▶ **WHAT IS BEING ASKED**
Please print the line that holds "measurements like weight" and each line after it to the end of the data, word for word, without any pictures.

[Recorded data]
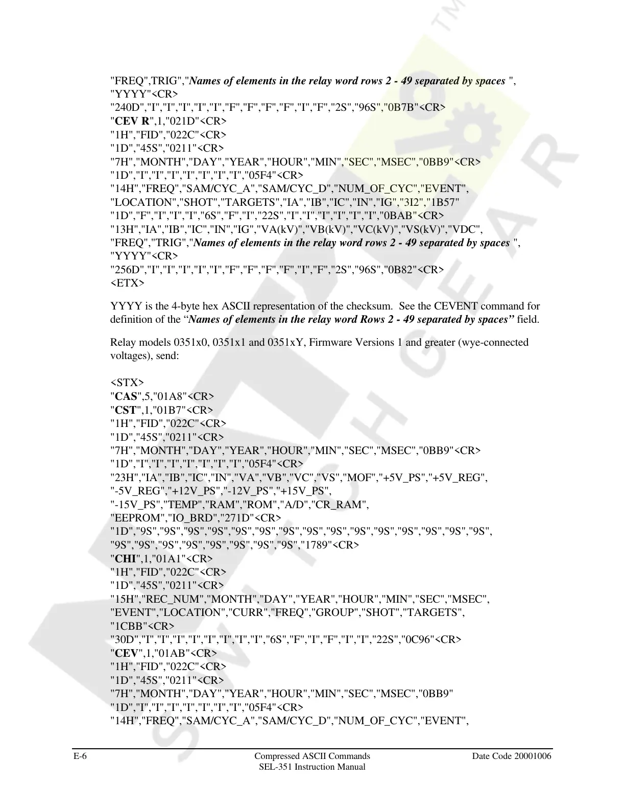 E-6 Compressed ASCII Commands Date Code 20001006
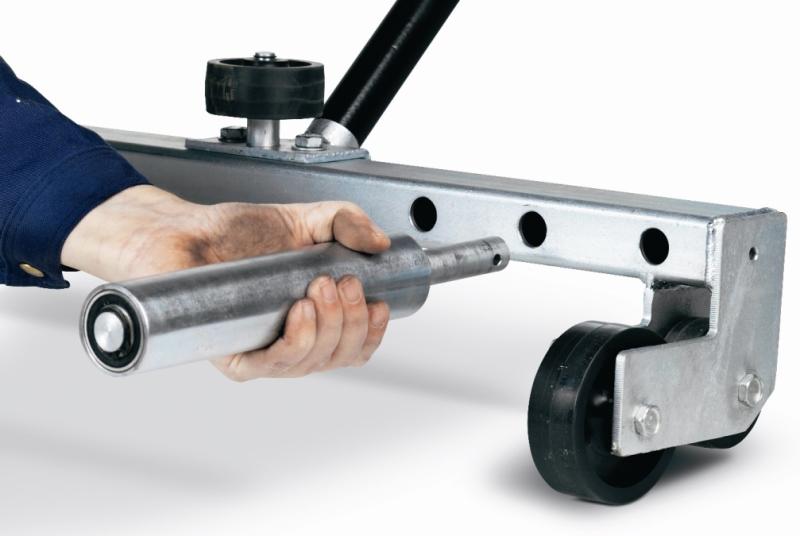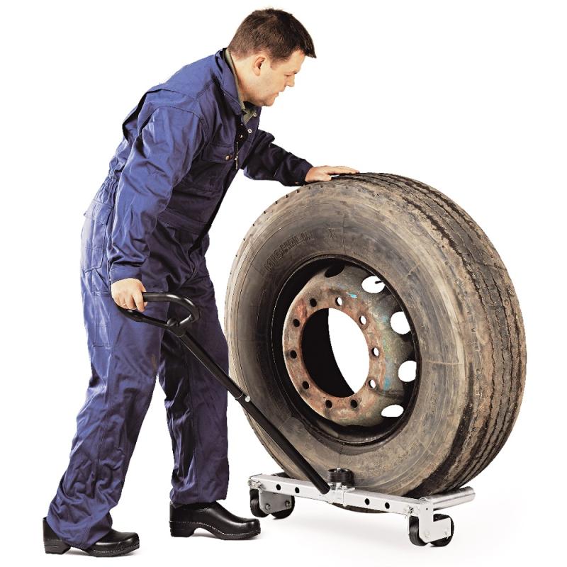 Hjuldolly med ergonomiskt handtag, kullagrade rullar för enkel däckrotation, som dessutom som går ställa i tre olika positioner för olika storlekar.
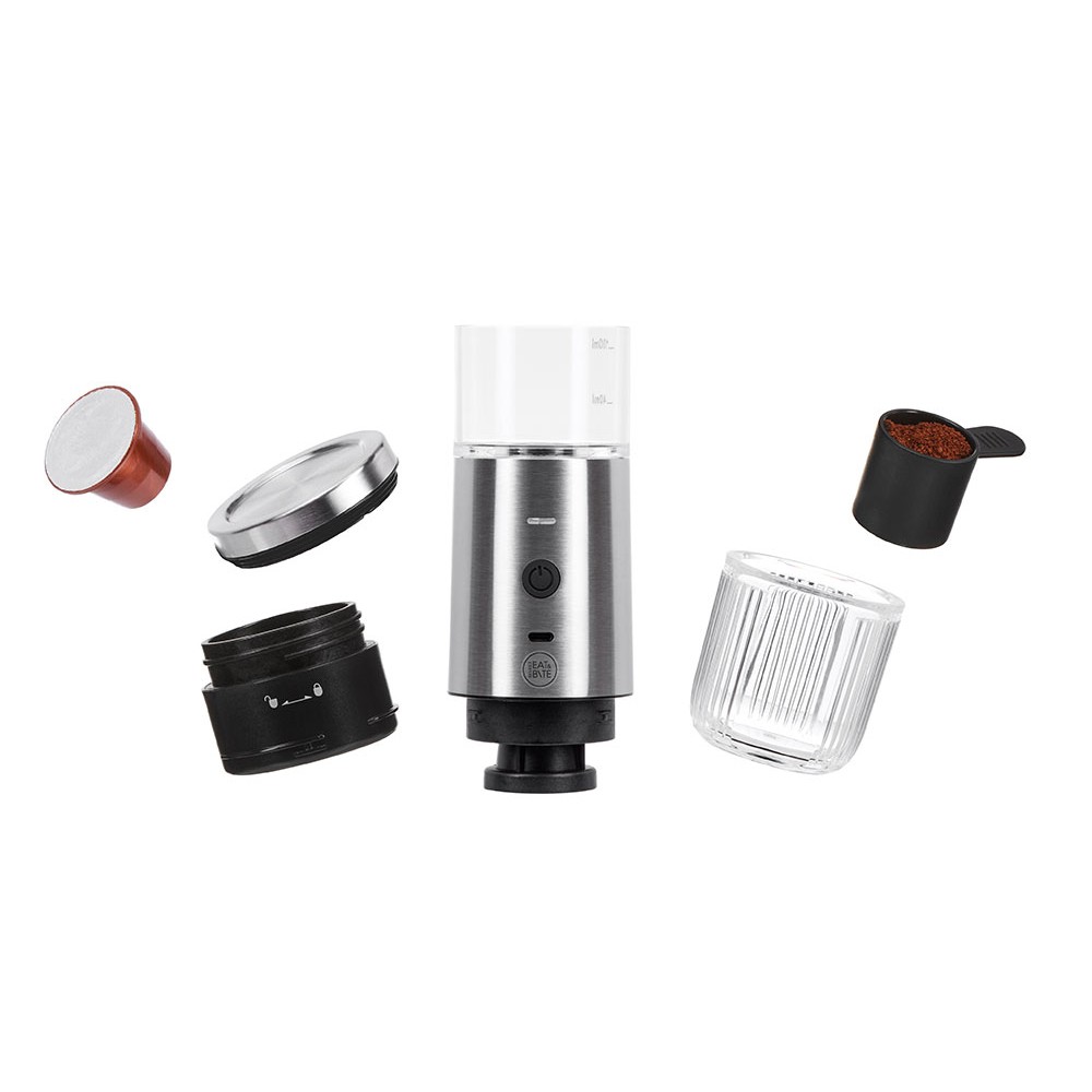 Приготовить можно 2 вида кофе — эспрессо и лунго (40 и 100 мл) двумя способами: заварить молотый кофе или капсулу типа Nespresso. Для каждого способа заваривания есть своя ёмкость. Мерная ложечка для молотого кофе идёт в комплекте.
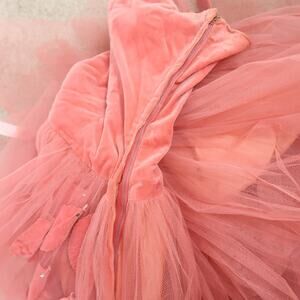Vintage 50s Strapless Coral Pink Tulle Velvet Leaf Applique Formal Prom Dress XS
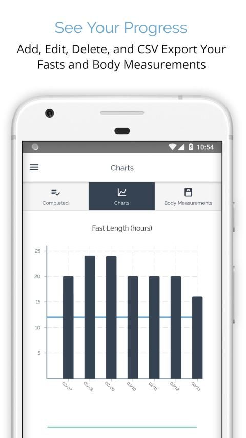 ★ Easily add, edit, delete, and .CSV export your completed fasts and body measurements like weight
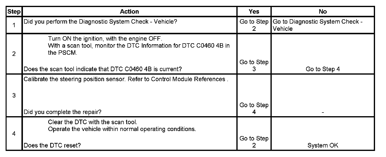 DTC C0460 4B will set on the first ignition ON cycle after PSCM replacement.
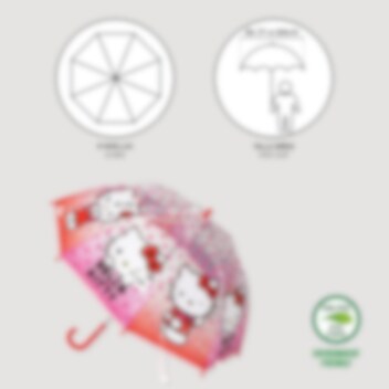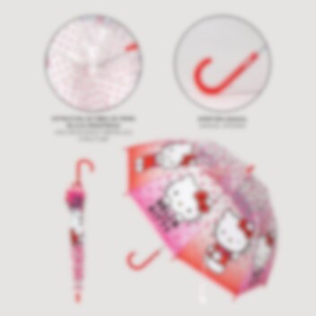 Maak regenachtige dagen extra vrolijk met deze schattige kinderparaplu met Hello Kitty! De paraplu heeft een diameter van ca. 71 cm en is gemaakt van stevig PoE en glasvezel. Hij heeft 8 baleinen en wordt handmatig geopend. Het kleurrijke design met Hello Kitty maakt deze paraplu tot een favoriet bij alle jonge fans van het geliefde karakter.

▶ **EXERCISE SOLUTION**
 ★ Easily add, edit, delete, and .CSV export your completed fasts and body measurements like weight
 DTC C0460 4B will set on the first ignition ON cycle after PSCM replacement.
 Maak regenachtige dagen extra vrolijk met deze schattige kinderparaplu met Hello Kitty! De paraplu heeft een diameter van ca. 71 cm en is gemaakt van stevig PoE en glasvezel. Hij heeft 8 baleinen en wordt handmatig geopend. Het kleurrijke design met Hello Kitty maakt deze paraplu tot een favoriet bij alle jonge fans van het geliefde karakter.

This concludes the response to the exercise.